I have advocated and voted for fairness in approving the 4 million dollar bond to clean and upgrade our city’s infrastructure, including our parks and playgrounds.  I also voted for improving transparency and home owners’ rights regarding foreclosure.  And I always remain available via phone, email, or in person to hear residents’ concerns and help them find answers and solutions.

In terms of amenities, where do you feel Lynn is most deficient?  How could this be addressed?
One of the keys to enhancing inclusivity and the sharing of ideas in regard to building community is to have easily-accessible public spaces where residents can come together to safely play, learn, and interact.  I will continue to advocate for, and promote, green public spaces, such as parks, playgrounds, and open areas that are attractive, enjoyable, and safe.

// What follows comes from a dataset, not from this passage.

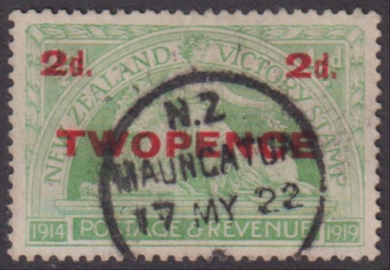 Maungatua (DN 1867-1929) near complete A-class cds 17 MY 22 on 2d Victory ovpt stamp. Wooders 6. (Image)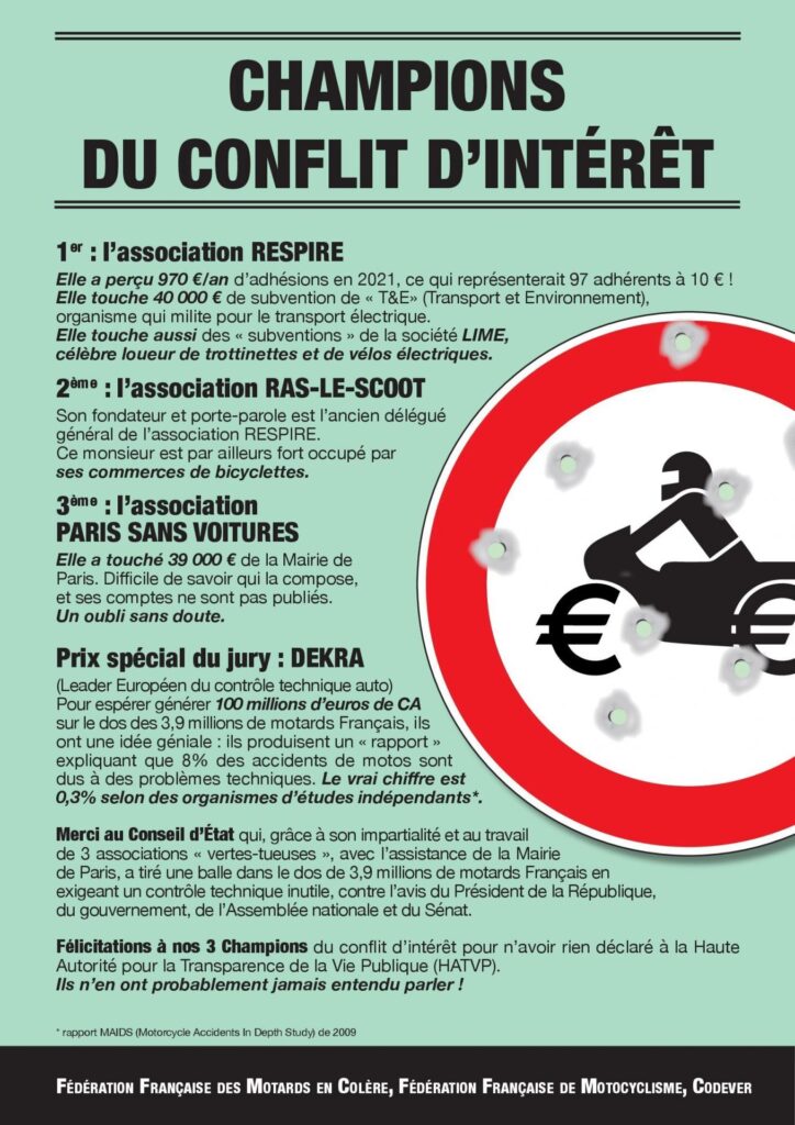 Nous manifesterons contre les associations anti-motos, qui vivent de nos impôts grâce aux subventions qui leur sont versées, dont les dirigeants agissent par intérêt politique et financier, et veulent nous imposer leur idéologie totalitaire.

  What type of city do you believe that Lynn should be aspiring toward?  Long-term what would Lynn ideally look like in 5 years?
I envision open, transparent communication between the people of Lynn and their elected officials, city hall departments, and public servants in order to effectively and fairly respond to residents’ concerns and address their issues.  I hope to improve the quality of life for the city as a whole by continuing to bring a forward-thinking, big-picture perspective to city committees and departments that are involved in planning for the city’s future.
I will continue my work to ensure that all voting stations throughout the city are located in neighborhoods that provide logical, easy access for all citizens to exercise their right to vote.  I’ll also work with our city and state officials to find resources to bolster the LPD to at least 225 officers.  I plan to communicate with the mayor and our DPW about replacing aging equipment and hiring the necessary staff to ensure the efficient upkeep of our streets, neighborhoods, and public spaces.  Doing this would produce immediate results in improving trash/recycling pick-ups, fixing potholes, snow removal, etc.
I will continue my collaborations with the mayor’s office, the EDIC, and Community Development to hire a multilingual business outreach specialist to help local businesses continue to succeed.  I will also pursue and promote the acceleration of green energy programs in the city, starting with improving the energy efficiency of all city-owned buildings by requiring that all new renovations and buildings be approved by a Green Energy Commission.